## Work required:
Could you return each line from the one bearing "I Regular Tapered" through the last line of the entries, exactly as it stands, with no pictures?

## Data extracted from a collection:
——————————
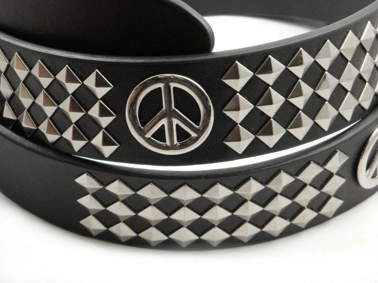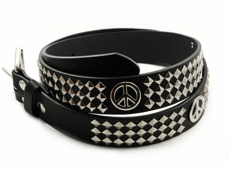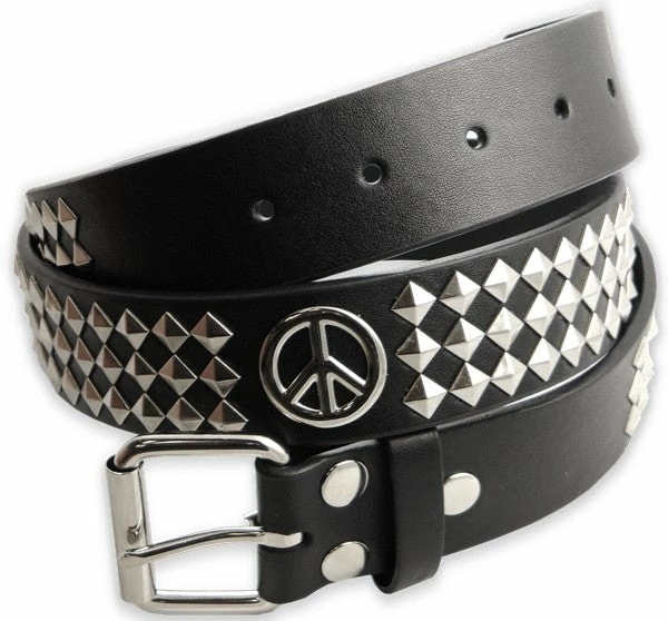 Bewild Peace Sign Pyramid Studded Leather Belt Belts
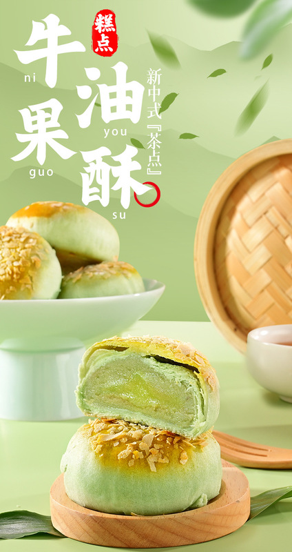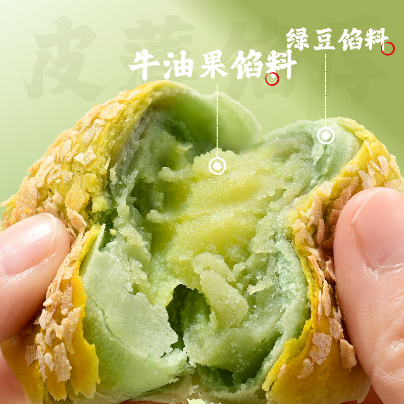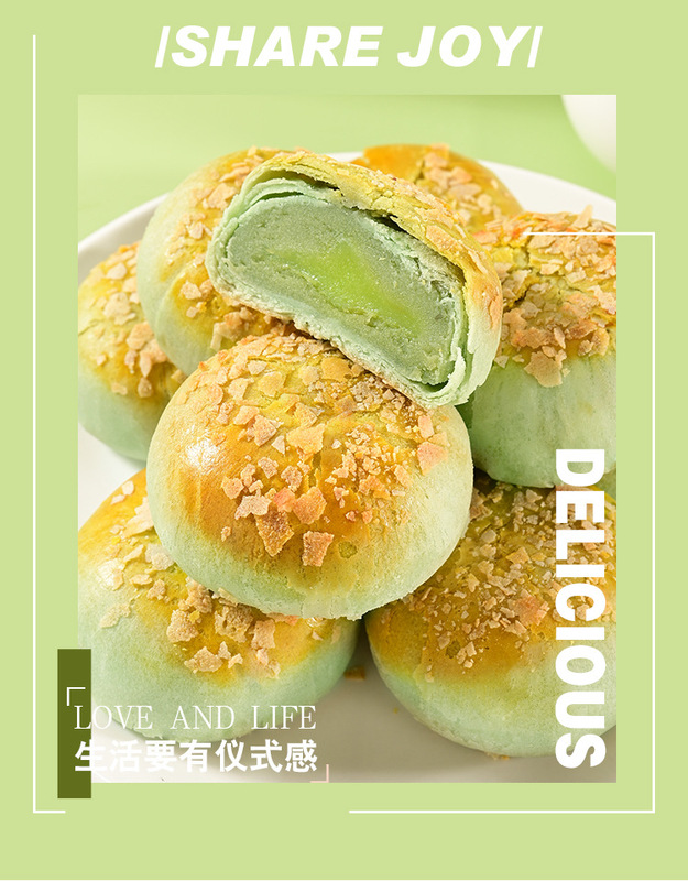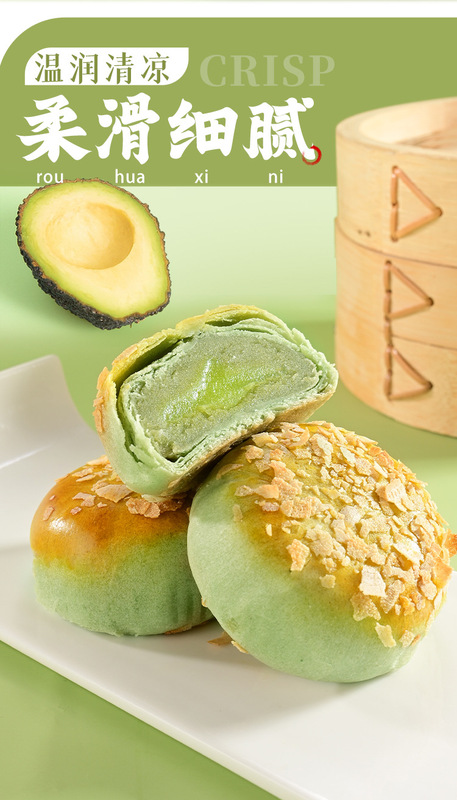 - Ingredients and components: Wheat flour, white sugar, vegetable oil, peeled mung beans, matcha powder, avocado flavoring, etc.
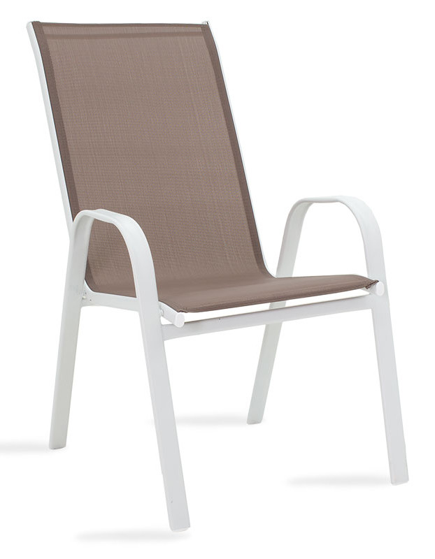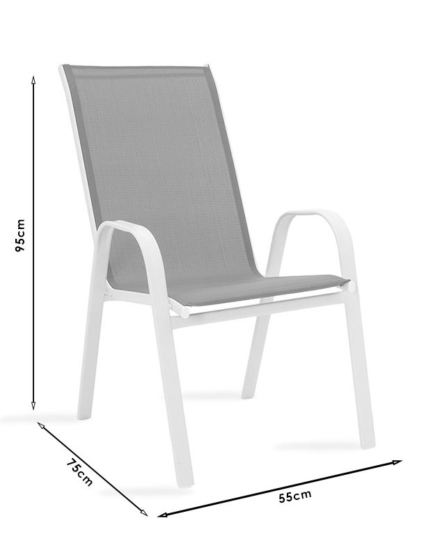 Σταθερός σκελετός από μέταλλο με αντοχή στην καταπόνηση και στη φθορά. Κυρίως σώμα καρέκλας από εξαιρετικής ποιότητας textilene. Το textilene είναι ύφασμα μεγάλης αντοχής στην ηλιακή ακτινοβολία και την υγρασία ενώ παράλληλα αφήνει το δέρμα να “αναπνέει” δημιουργώντας έτσι άνεση στο κάθισμα.
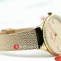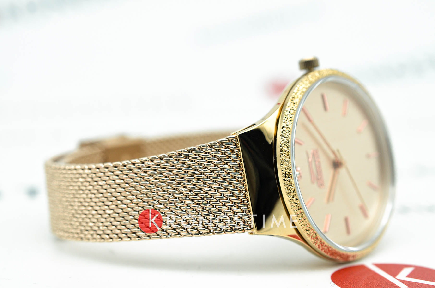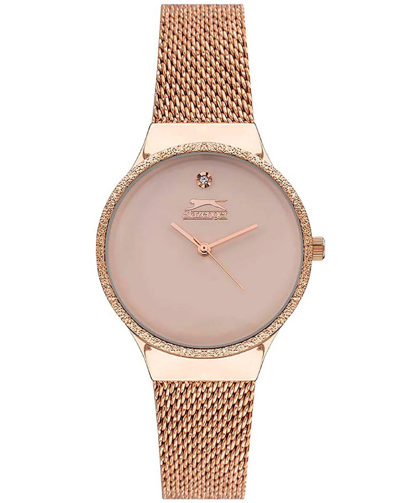Женские наручные часы Slazenger SL.09.2015.3.02 сочетают в себе элегантный дизайн и надежность современных технологий. Модель обладает круглым корпусом диаметром 35 мм, изготовленным из суперметалла с IP-покрытиемIP-покрытиеМетод ионного напыления. Демонстрирует повышенную устойчивость к истиранию, окислению и химическим веществам. Под воздействием высокого давления и температуры около 1500°C молекулы металла надёжно соединяются с частицами корпуса часов. розового золота, что обеспечивает высокую устойчивость к внешним воздействиям. Браслет миланского плетения из суперметалла с IP-покрытиемIP-покрытиеМетод ионного напыления. Демонстрирует повышенную устойчивость к истиранию, окислению и химическим веществам. Под воздействием высокого давления и температуры около 1500°C молекулы металла надёжно соединяются с частицами корпуса часов. на раскладном замкеРаскладной замокДанный вариант застежки используется только на часах с металлическим браслетом. Отличительная особенность такого крепления в том, что длина браслета становится универсальной и вы можете самостоятельно отрегулировать нужный вам размер – застежка просто двигается по браслету часов., что гарантирует комфортное ношение и стильный внешний вид. Циферблат украшен индексами и кристаллами, оснащен тремя стрелками для показания часов, минут и секунд. Для защиты применяется минеральное стеклоМинеральное стеклоМинеральное стекло представляет собой искусственно выращенный минерал кварца. Такое стекло отличается особой устойчивостью к повреждениям и царапинам. Уступает по некоторым качествам сапфировому стеклу., обеспечивающее прочную защиту от царапин. Часы работают на японском кварцевом механизме, что гарантирует точное время без необходимости подзаводки. Водонепроницаемость часов достигает 5 атмосфер (50 метров), что позволяет использовать их при контакте с водой, например, во время мытья рук или попадания брызг, однако не рекомендуется для плавания.
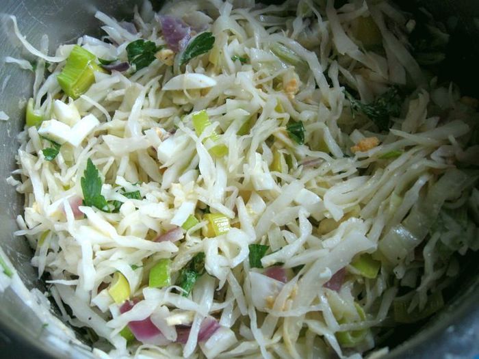 Смешать все компоненты для начинки (яйца, капусту, петрушку, лук), посолить, добавить сахар, перец.
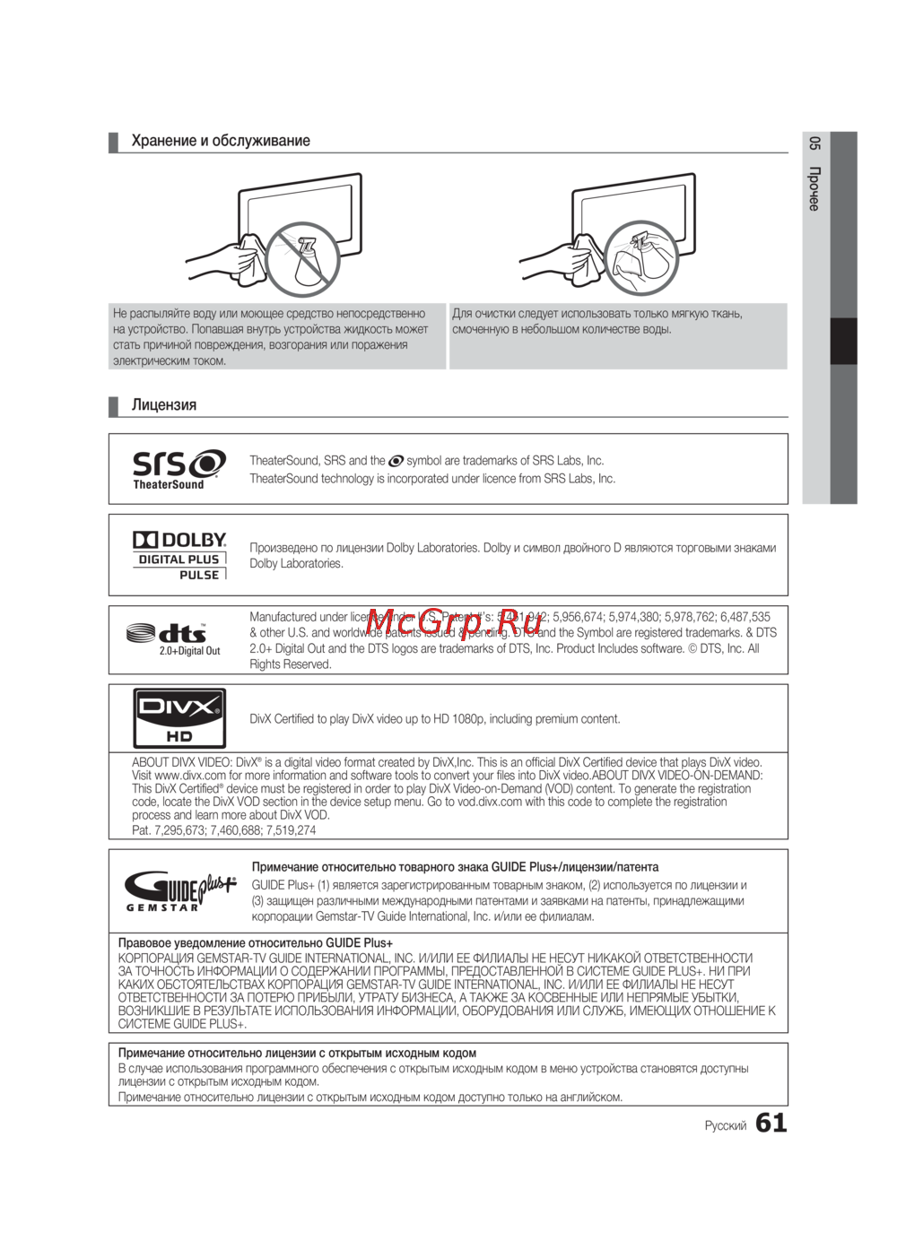 GUIDE Plus+ (1) является зарегистрированным товарным знаком, (2) используется по лицензии и
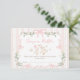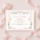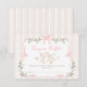 Dieses Design, das eine herzliche Illustration einer Mutter- und Babygans mit Bögen, schwimmenden Ballons und umgeben von sanften Blumen und Grünpflanzen bietet, ist die perfekte Mischung aus süß, spielerisch und elegant. Set gegen weiche, rosa Streifen und gepunktete Details, handbemalte Elemente und zarte Farbbandakzente. Diese Einlegekarte eignet sich ideal für eine coquette-inspirierte Babydusche im Storybuchstil.
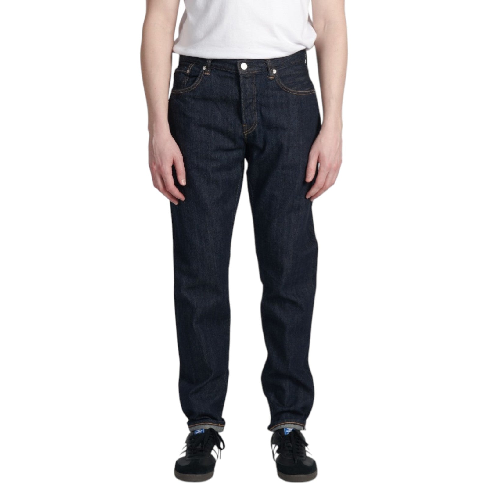I Regular Tapered Jeans sono una rivisitazione moderna del classico denim giapponese. Sono realizzati in denim Kaihara Indigo Lightweight Red Selvage da 10,5 once, con lavaggio blu per una mano più morbida, una struttura leggermente fluida e un aspetto leggermente vissuto. Presentano una vestibilità regular tapered, vita media, cinque tasche con patta e bottone, e sono rifiniti con una toppa in carta di cellulosa al 100% sul retro.
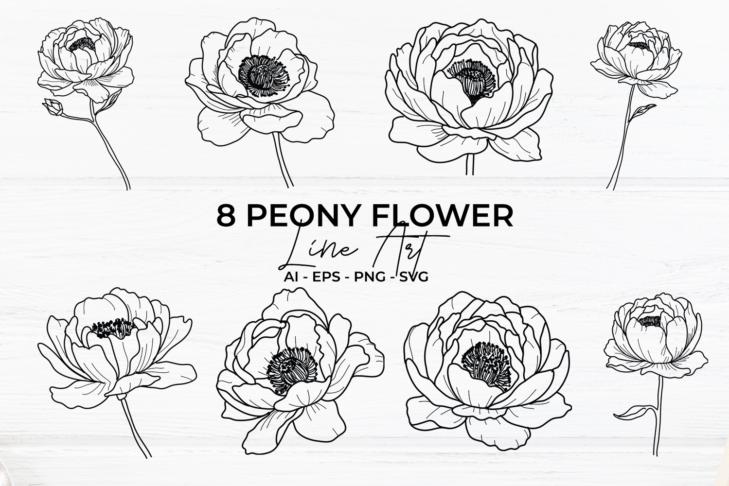 Design Template Flower Wedding Invitation Peony Element Flower Line Art Peony Flower Svg Peony Line Art Peony Flower Design
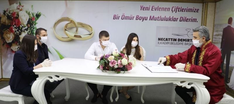 İlkadım Belediyesi tarafından nikahlar korona virüs tedbirleri alınarak kıyılıyor.
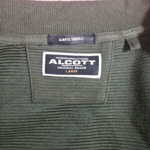 Alcot men zip up sweater in a military green color with 3 zipper pockets, it's an Italian brand. in a excellent preowned condition measures on photos
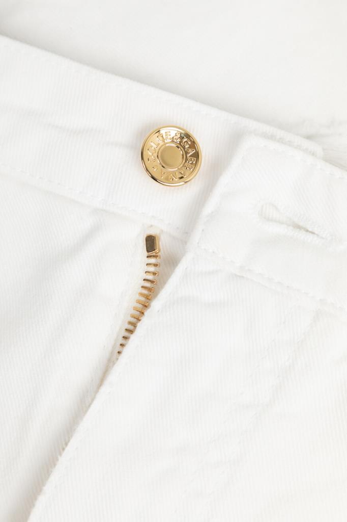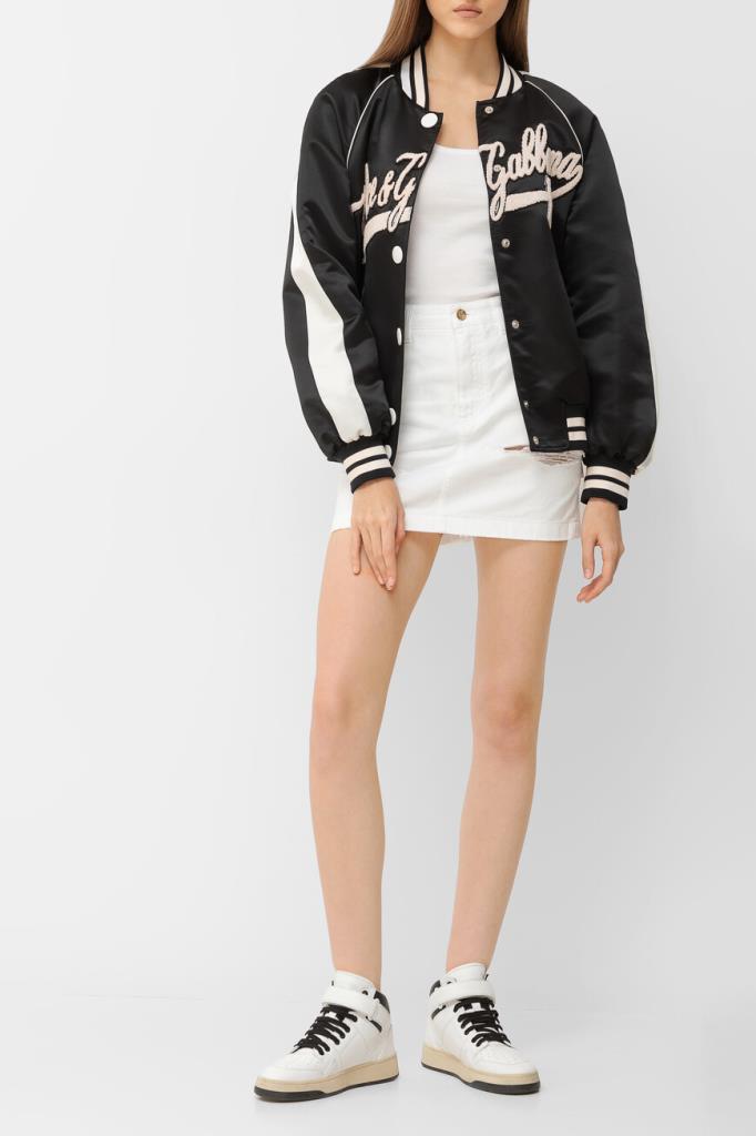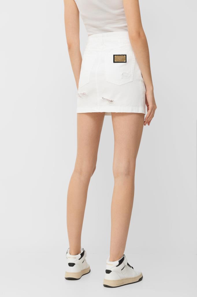 Джинсовая юбка Mini высокой посадки от Dolce & Gabbana. Для пошива модели белого цвета используется мягкий хлопковый деним с дизайнерскими разрывами. Их выполнили вручную, поэтому второй абсолютно такой же юбки не существует. Отличительными особенностями изделия также являются контрастные вставка с логотипом на маленьком кармане спереди и кожаная нашивка с металлическим лейблом на заднем кармане. Модель составит гармоничный комплект с бомбером на брендированных клёпках и майкой-топом без рукавов из коллекции Dolce & Gabbana Essential.
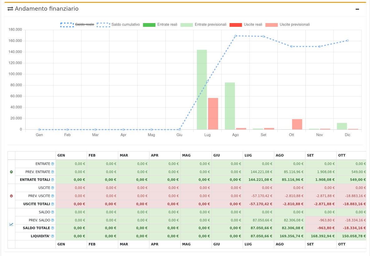 L'andamento finanziario, a differenza di quello economico, attinge dati anche dallo scadenzario, e va quindi ad imputare tutte le scadenze previste nel relativo periodo di competenza.
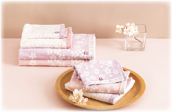 日本人の心に深く根ざした、桜の花模様が施されたタオル。今治産地の「素材選び、織り、染め、後処理」に卓越した職人技が込められた、優しく柔らかな風合いのタオルブランドです。
——————————
## Answer section:
I Regular Tapered Jeans sono una rivisitazione moderna del classico denim giapponese. Sono realizzati in denim Kaihara Indigo Lightweight Red Selvage da 10,5 once, con lavaggio blu per una mano più morbida, una struttura leggermente fluida e un aspetto leggermente vissuto. Presentano una vestibilità regular tapered, vita media, cinque tasche con patta e bottone, e sono rifiniti con una toppa in carta di cellulosa al 100% sul retro.
 Design Template Flower Wedding Invitation Peony Element Flower Line Art Peony Flower Svg Peony Line Art Peony Flower Design
 İlkadım Belediyesi tarafından nikahlar korona virüs tedbirleri alınarak kıyılıyor.
 Alcot men zip up sweater in a military green color with 3 zipper pockets, it's an Italian brand. in a excellent preowned condition measures on photos
 Джинсовая юбка Mini высокой посадки от Dolce & Gabbana. Для пошива модели белого цвета используется мягкий хлопковый деним с дизайнерскими разрывами. Их выполнили вручную, поэтому второй абсолютно такой же юбки не существует. Отличительными особенностями изделия также являются контрастные вставка с логотипом на маленьком кармане спереди и кожаная нашивка с металлическим лейблом на заднем кармане. Модель составит гармоничный комплект с бомбером на брендированных клёпках и майкой-топом без рукавов из коллекции Dolce & Gabbana Essential.
 L'andamento finanziario, a differenza di quello economico, attinge dati anche dallo scadenzario, e va quindi ad imputare tutte le scadenze previste nel relativo periodo di competenza.
 日本人の心に深く根ざした、桜の花模様が施されたタオル。今治産地の「素材選び、織り、染め、後処理」に卓越した職人技が込められた、優しく柔らかな風合いのタオルブランドです。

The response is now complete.